Hart said the Knicks can’t expect to magically replicate their in-season success against the Hawks in the playoffs. The Knicks beat the Hawks two times out of three, both wins by three-point margins and the loss by 12 in a. Jan. 2 game Karl-Anthony Towns sat due to injury.
“They had guys out. The regular season honestly doesn’t really matter when you look at it in terms of a scope like this, because you never know in the regular season, there’s a lot of things that you have. I don’t know if they were on back-to-backs, who’s in, who’s out, whatever it is.
“So you throw those [regular-season games] out the window and you just focus on the team and the personnel that they have right now: the tendencies, what they like to do, hone in on those kinds of things, and move forward with that.”
The Hawks are more than a one-trick pony. The move away from Young, who’s taken the ire of Knicks fans on the road with him to the nation’s capital, ushered in a more free-flowing style of play that runs through Johnson but extends throughout the rest of a deep and versatile Hawks roster. Johnson, for example, shot poorly from the field on April 6, but Nickeil Alexander-Walker made seven 3s on 11 attempts for 36 points and a three-point Knicks margin of victory despite just eight Atlanta bench points.
The Knicks won the season series, 2-1, against the Hawks, but each of their two victories came by three-point margins.

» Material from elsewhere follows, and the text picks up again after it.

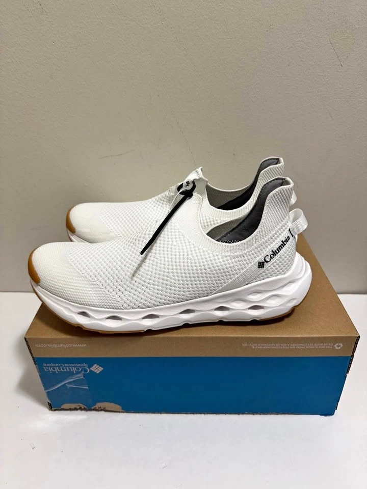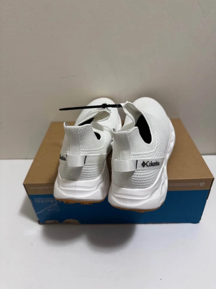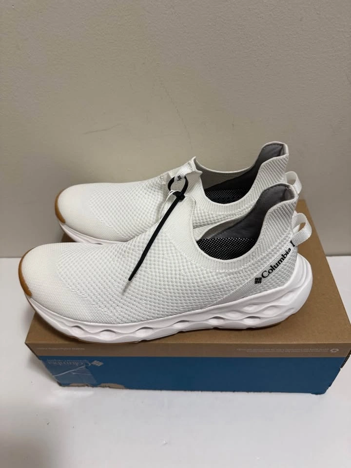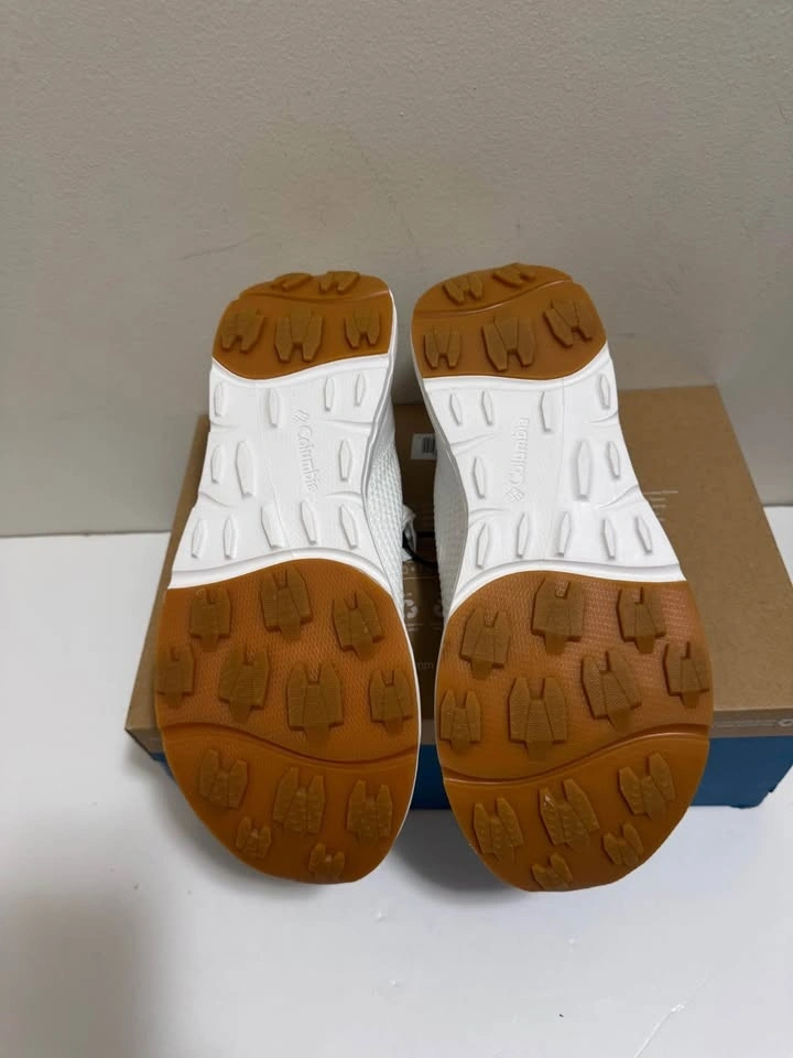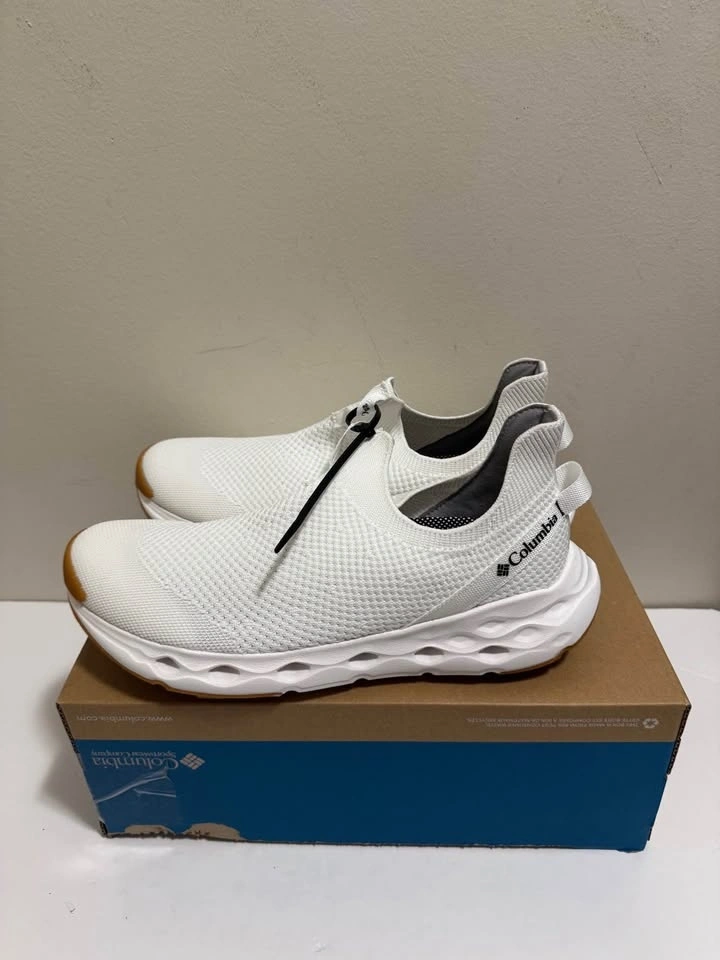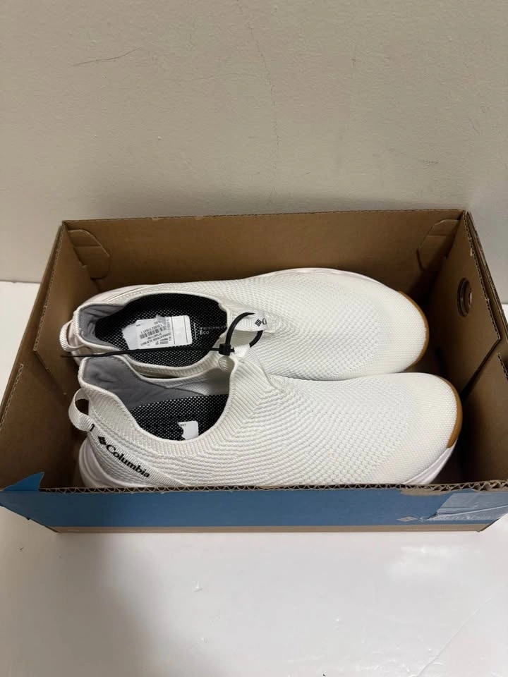 Fresh Columbia white slip-on shoes with a knit upper. White soles with brown accent at the toe and heel. Comes in the original box. Pick up only. Located near Brampton Gateway Terminal and Shopper World Mall Brampton. Address provided upon scheduled pickup confirmation. Cash only.

Atlanta’s attack begins with Johnson, and the Knicks have some answers. They already have some solutions just two days out from the onset of their first-round playoff series.
“They’re a great team. It’s not a surprise [we barely won],” said Towns on Wednesday. “We had to fight to find a way to win at the end, but at the end of the day, it didn’t change what I thought. I knew they were a great team, and we’ve got to be ready.”